Morphometric examination of the paranasal sinuses and mastoid air cells using computed tomography.

BACKGROUND: The paranasal sinuses and mastoid air cells vary considerably in size and shape from person to person. The main structures are pneumatic. In this study, we investigated the relationship between right and left sides and evaluated the volume changes according to age and sex.
METHODS: Of all patients attending the radiology department, 91 cases without paranasal sinuses and mastoid air cells pathology (i.e., inflammation, operation or trauma) were selected for evaluation. Axial computed tomography (CT) scans were obtained for both paranasal sinuses and temporal bones. In all scans, the volumes of each area (maxillary sinus, frontal sinus, sphenoid sinus and mastoid air cell) were calculated and analyzed statistically.
RESULTS: The volumes of paranasal sinuses and mastoid air cells increased with age and women had a lower mean volume. There was a positive correlation between right-left and ipsilateral structures (paranasal sinuses and mastoid air cells).
CONCLUSIONS: These results are helpful in understanding the normal and pathological conditions of the paranasal sinuses and the mastoid air cells.

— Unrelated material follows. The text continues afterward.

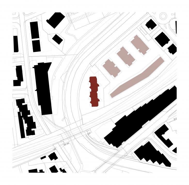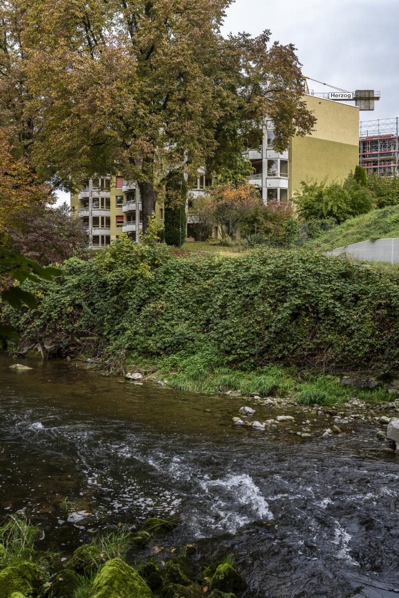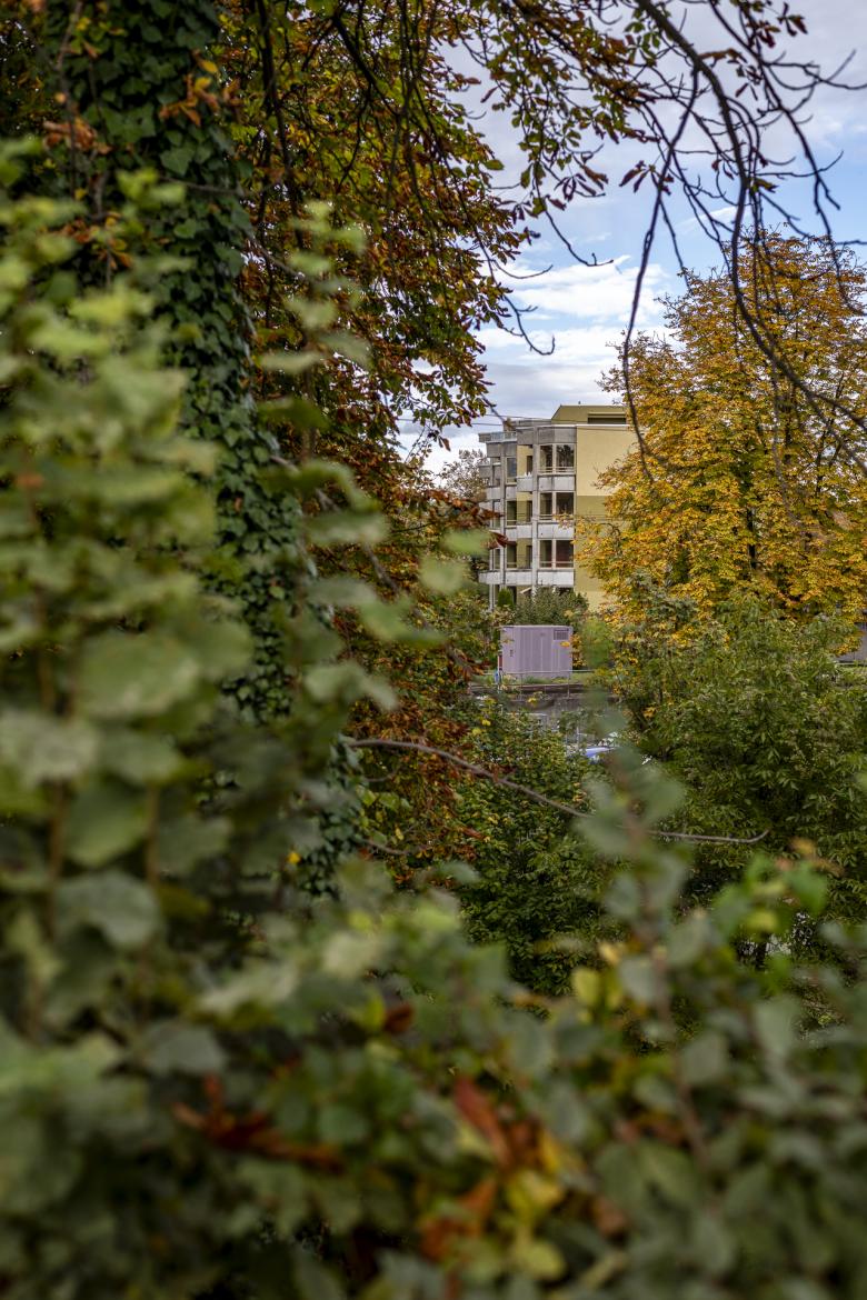 Das fünfgeschossige Wohngebäude mit 22 Mietwohnungen aus dem Jahr 1984 steht an zentraler Lage am Murgufer in Frauenfeld. 2023 findet sich der einst am Rande stehende schlichte und graue Mietwohnungsblock nun plötzlich als integraler Bestandteil einer lebendigen urbanen Umgebung wieder. Entsprechend kleidet sich das Gebäude neu. Die analog eines Bastelbogens in die Fläche gelegte Fassadenabwicklung wird mit einem sich wiederholenden und bewusst in Grüntönen gehaltenen farbigen Fries bespielt. Zusammen mit den polygonalen Vor- und Rücksprüngen entwickeln sich neue spannende Farbräume für die Mieter*innen. Der Baukörper gliedert sich neu und fordert eine neue Lesbarkeit und Identität. Zusammen mit der Farbe Grün wird das Gebäude in Zukunft den Abschluss der zukünftig in Beton- und Holz gehaltenen benachbarten Stadtsiedlung von Diagonal Architekten aus Winterthur bilden. Je nach der Jahreszeit bindet sich das Konzept in die Umgebung ein oder bleibt im Winter grün.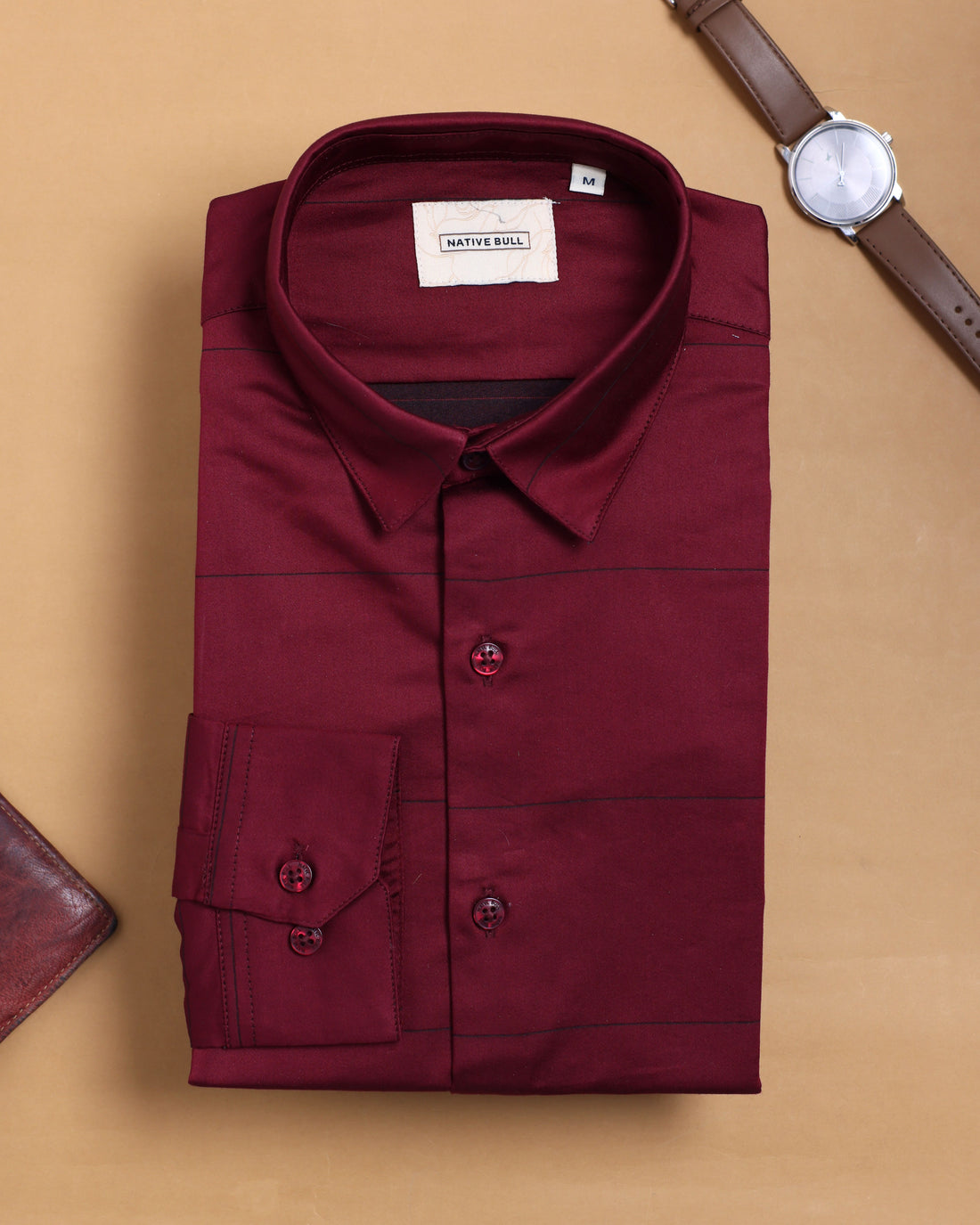 Men's Nativebull Solid Slim Fit Casual Shirt with Spread Collar and Full Sleeves - Maroon

Paranasal sinus anatomy is complex and rather variable from person to person. Significant differences in structure between the two sides may also exist in the same person. Therefore, a detailed knowledge of the anatomy of the sinuses is critical in performing procedures such as functional endoscopic sinus surgery.1,2

The main characteristics of these structures are pneumatic, and the initiation and process of pneumatization differ from person to person.2–7 Genetic diseases, environmental conditions and past infections may affect this process.4,6,8 There is still no consensus about when pneumatization begins and how it develops in temporal bone.8 Diamant and other investigators first studied the mastoid air cells on a scientific and methodological basis and first used this information in practice.6, 9, 10–14 Several studies on the pneumatization of temporal bone have been published.8,11,15 In their book, Graney et al15 reported several researchers’ results on measurement of paranasal sinuses at and after birth. Until the use of computed tomography (CT) by Haunsfield for diagnosis in 1972, x-ray films were used for the measurement of area, volume and shape of paranasal sinuses and the mastoid air cells.10,12–14 Since then the use of CT has been common in studies.11,12–17–23 CT scans and MR images illustrate the range of normal radiologic findings associated with the developmental process, with emphasis placed on the types of findings that, although normal, create potential interpretation difficulties.23 In this study, we have investigated the volumes obtained from CT images of paranasal sinuses and the mastoid air cells in terms of the following features: (i) differences based on age groups, (ii) the relationship between paranasal sinuses and the mastoid air cells based on age and sex, (iii) differences between the right and left sides in both sexes. The results will be helpful in understanding normal and pathological conditions of the paranasal sinuses and the mastoid air cells.

Methods

This study was based on a retrospective review of the paranasal sinuses and temporal bone CT scans 91 cases (47 men and 44 women) selected from 317 patients with temporal bone and paranasal sinuses CT analysis (General Electric Prospeed Helical CT, Milwaukee, USA) because there was no history of ear disease in any of the subjects and clinical examination revealed no ear, nose or throat abnormality. Persons with congenitally absent sinuses were excluded. Subjects were divided into five-year age groups (total 5 groups) starting at the age of 5 years.10 For symmetry and to prevent rotation, the head was fixed face up in the supine and neutral position for each CT analysis. The scan mode was helical. After lateral scenograms, examinations consisted of 2-mm axial cross sections (120 kv, 160 mA) for the temporal bone and 5-mm axial cross sections (120 kv, 160 mA) for the paranasal sinuses.24 All cross sections were parallel to the infraorbital line. While the cross sectional series for temporal bone were taken upstream of the superior semicircular channel to the basal curl of the cochlea as far as the mastoid air cells, the series for paranasal sinuses were taken from the base of the maxillary sinus to the end of the frontal sinus.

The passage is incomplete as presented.